• _Exercise aim_:
Your output should be the exact lines from the start of the data through the line containing "Versatile Marble Folding", with no pictures.

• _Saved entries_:
········

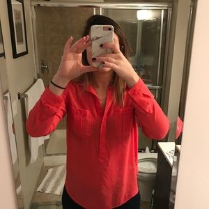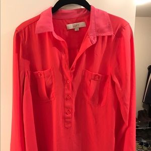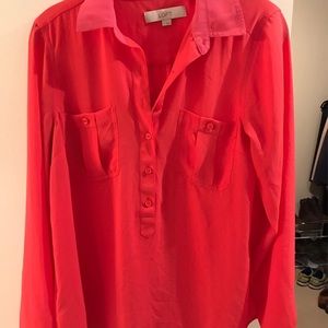 Bright orange shirt, with pink collar. Perfect for work! In great condition. Silky like materiel
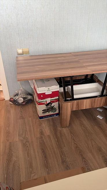 Mebellər hamısı, İstikbal və bellonadır Qonaq otağı dəsti – masa, stullar, vitrinqablar, komod-güzgü, künc divan və şüşə jurnal masası - Yemək masası: tünd qəhvəyi üstlü, krem rəng detallar ilə, 6...250 AZN
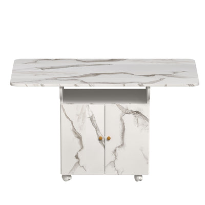 Versatile Marble Folding Dining Table With Storage Rack And Cabinet, 6 Wheels - White
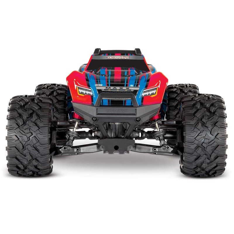 This is the new 1/10th scale monster truck, the Traxxas Maxx. Modeled after its bigger brother, the Traxxas XMaxx, almost everything is identically scaled down into a 1/10th scale package. The modular tube chassis design incorporates the shock towers into the chassis, giving the Maxx extreme durability. Already fitted with big bore threaded aluminum shocks, the Maxx can handle the roughest terrain. That, added with the power coming from the VXL4s electronic speed controller and Velineon 540XL, makes the Maxx capable of handling anything you can throw at it!
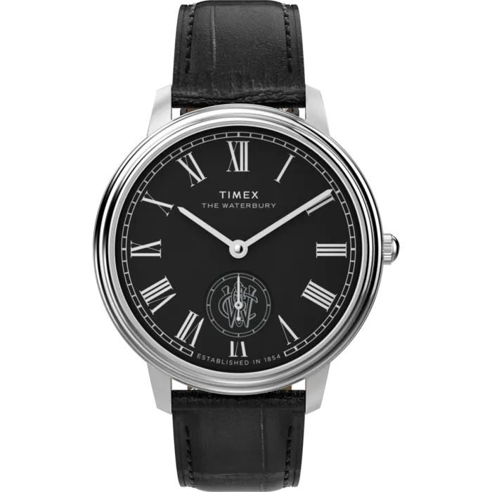 Définie par des lignes nettes et des courbes élégantes, la waterbury sub-second présente un boîtier en acier inoxydable de 39 mm amélioré avec un profil plus mince et une lunette à deux niveaux élégante.
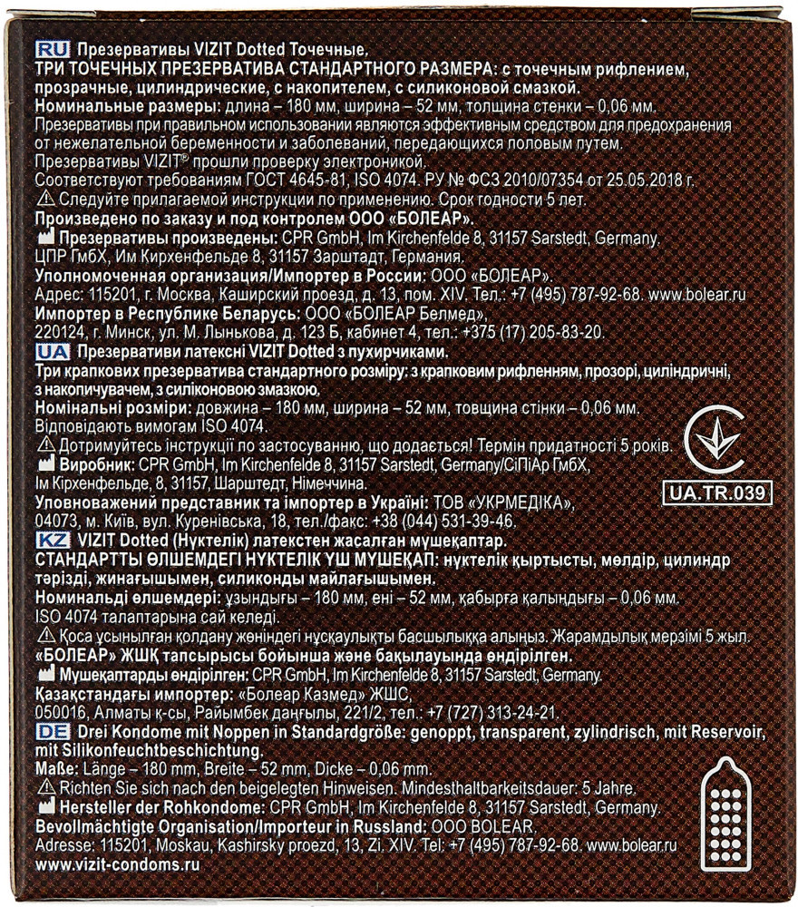 Презервативы с пупырышками это интимные товары для взрослых из тончайшего натурального латекса с обильной смазкой. Каждый презерватив обеспечивает максимальную чувствительность, высокий уровень комфорта и безопасности во время секса. Эти товары 18+ идеальный выбор для тех, кто хочет сохранить естественность ощущений и удобство во время интимной близости. Наши ультратонкие презервативы не спадают и не передавливают, легко надеваются и сохраняют всю полноту ощущений при половом акте. Точечные презервативы VIZIT Dotted изготавливаются только из премиального латекса, они отлично растягиваются, не рвутся и надежно защищают от нежелательной беременности и инфекционных заболеваний, передающихся половым путем. Инновационные технологии производства позволяют создавать контрацептивы из ультратонкого и мягкого латекса, обладающего при этом высоким уровнем прочности и надежности. Товары 18 +, представленные в нашем магазине, подходят для всех видов секса, а также совместимы с секс-игрушками и другими интимными товарами, представленными в секс шопах. Наши презервативы и лубриканты являются оригинальным брендом, напрямую поставляемым от производителя. Они имеют все необходимые регистрационные удостоверения и сертификаты, соответствуют самым высоким стандартам качества и безопасности и проходят тщательную и многоуровневую проверку для обеспечения лучших свойств. Прочность презервативов проверяется в ходе многократных испытаний на современном оборудовании.

········

• _Answer below_:
 Bright orange shirt, with pink collar. Perfect for work! In great condition. Silky like materiel
 Mebellər hamısı, İstikbal və bellonadır Qonaq otağı dəsti – masa, stullar, vitrinqablar, komod-güzgü, künc divan və şüşə jurnal masası - Yemək masası: tünd qəhvəyi üstlü, krem rəng detallar ilə, 6...250 AZN
 Versatile Marble Folding Dining Table With Storage Rack And Cabinet, 6 Wheels - White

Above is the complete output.